Through their discovery of new knowledge, Gilder places the creative entrepreneur at the very centre of economic growth and progress. He contends a key failure of economics thus far has been its inability to grasp this idea, a failure that has seen economists "council governments to attend to everything except what matters most: the environment for innovation".
Through his application of information theory, Gilder also stresses the important role a small but effective government can play. As a low-entropy actor, government ― through the protection of trade routes, reasonable regulations, stable currencies, modest taxation and reliable protection of property rights ― provides the predictable base from which high-entropy activities can occur. By providing a clear and stable channel for the movement of information, limited and steady government provides the environment for innovation by private citizens and operators. Unfortunately, Gilder finds this is seldom the case. In most countries, government is the most common source of destructive noise that interrupts the channel from which entrepreneurs discern information. As a centripetal power, government's attempts to impose order distract entrepreneurs from their purpose, while obtaining by fiat the entrepreneur's rightful profits.

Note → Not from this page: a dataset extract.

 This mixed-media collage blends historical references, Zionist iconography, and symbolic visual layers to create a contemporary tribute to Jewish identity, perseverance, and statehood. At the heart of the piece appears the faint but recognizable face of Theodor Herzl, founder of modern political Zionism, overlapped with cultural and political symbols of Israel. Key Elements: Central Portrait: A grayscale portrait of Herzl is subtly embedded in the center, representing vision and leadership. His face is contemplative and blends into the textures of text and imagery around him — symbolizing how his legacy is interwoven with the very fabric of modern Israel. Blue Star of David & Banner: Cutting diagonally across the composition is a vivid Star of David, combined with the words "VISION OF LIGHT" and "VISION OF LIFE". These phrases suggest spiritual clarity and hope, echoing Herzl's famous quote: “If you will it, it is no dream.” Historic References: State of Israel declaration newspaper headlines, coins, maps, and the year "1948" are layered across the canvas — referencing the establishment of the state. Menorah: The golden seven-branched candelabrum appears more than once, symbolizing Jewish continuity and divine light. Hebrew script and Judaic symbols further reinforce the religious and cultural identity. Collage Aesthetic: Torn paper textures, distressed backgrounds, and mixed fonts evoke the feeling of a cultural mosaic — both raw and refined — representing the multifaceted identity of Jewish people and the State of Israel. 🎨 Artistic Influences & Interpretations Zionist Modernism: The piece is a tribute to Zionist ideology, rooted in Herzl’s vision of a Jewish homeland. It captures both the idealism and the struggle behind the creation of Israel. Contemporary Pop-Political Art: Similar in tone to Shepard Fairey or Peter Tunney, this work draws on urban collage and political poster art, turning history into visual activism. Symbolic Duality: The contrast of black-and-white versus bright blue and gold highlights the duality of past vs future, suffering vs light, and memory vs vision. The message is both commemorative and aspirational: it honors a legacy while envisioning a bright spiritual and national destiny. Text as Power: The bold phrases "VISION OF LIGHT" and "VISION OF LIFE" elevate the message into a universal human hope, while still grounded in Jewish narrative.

Which brings us to the central thesis of Gilder's book: that power must not be taken away from those with the knowledge to use it effectively. That is, successful entrepreneurs who have created businesses and driven the growth of jobs, markets and wealth ― and all the positive societal benefits that stem from them ― have thus proven themselves the most capable to reinvest the profits. Capitalism succeeds, therefore, not with a system of sticks and carrots, but by linking knowledge and power.
To illustrate this point, Gilder tells the story of Warren Buffet and his concern that his personal tax rate of seventeen per cent was unfairly lower than that of his secretary. Leaving aside the validity of this statement, and his failure to take into consideration corporate income tax and other levies, Gilder argues that this is exactly the way it should be as wealth can only grow when those who created it remain in control of it. As such capitalism prevails because it assigns the exacting task of re-investment "to people like Warren Buffet rather than to people like his secretary".

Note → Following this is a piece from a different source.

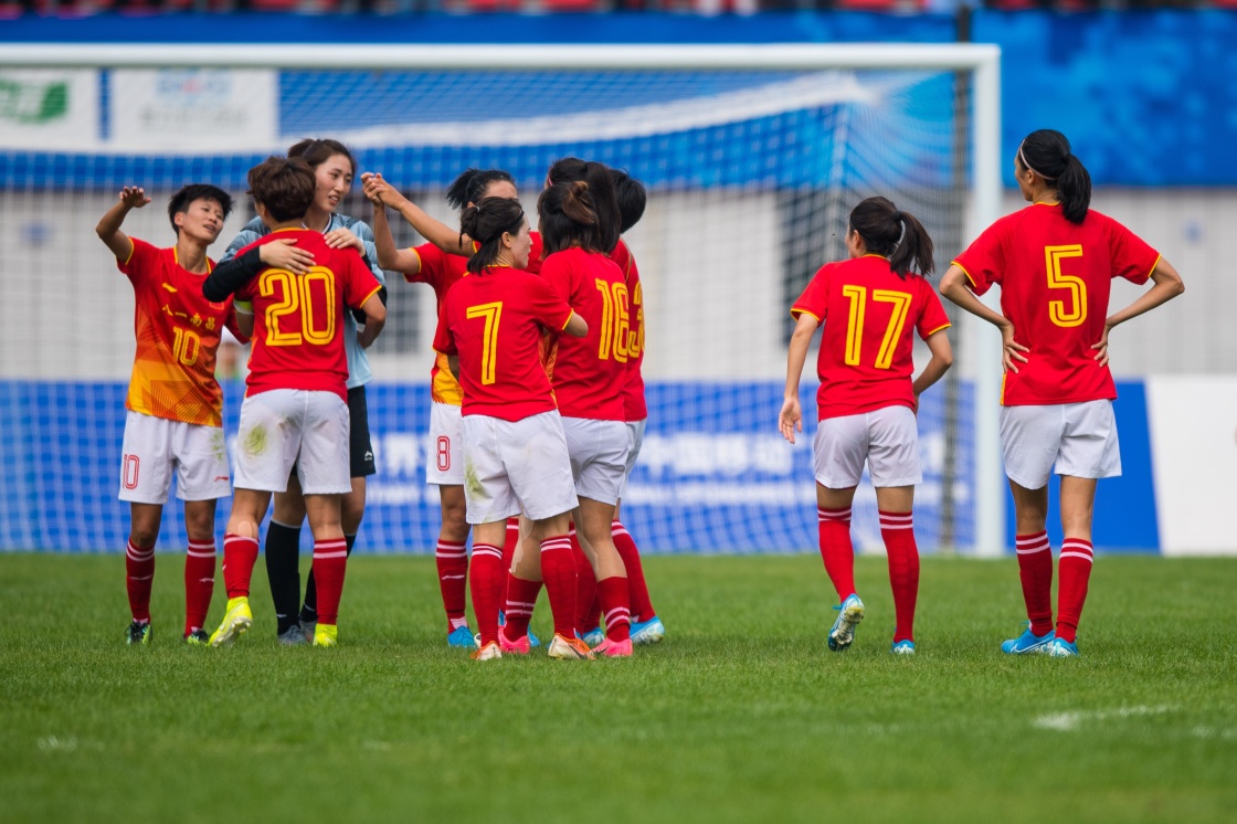中國隊(duì)球員賽后慶祝勝利。新華社記者劉金海 攝

With this key point, Gilder also articulates the clear misunderstanding that underpins socialism. By attempting to seize capital and redistribute it to the population, socialism disconnects knowledge and power. This, according to Gilder is the great secret of capitalism, "detached from a capitalist, there is no capital".
At the heart of Gilder's thesis is the refreshingly optimistic idea that growth and development are truly unlimited. As the real source of wealth is knowledge, new players and technologies will always emerge that will disrupt old paradigms and continue to drive prosperity. Gilder's writing can sometimes take a conversational tone as he moves from topic to topic whilst picking-up and dropping threads of thought in a somewhat arbitrary fashion. But the text represents a new and interesting take on the school of economics and an impassioned defence of the morality and power of the free market.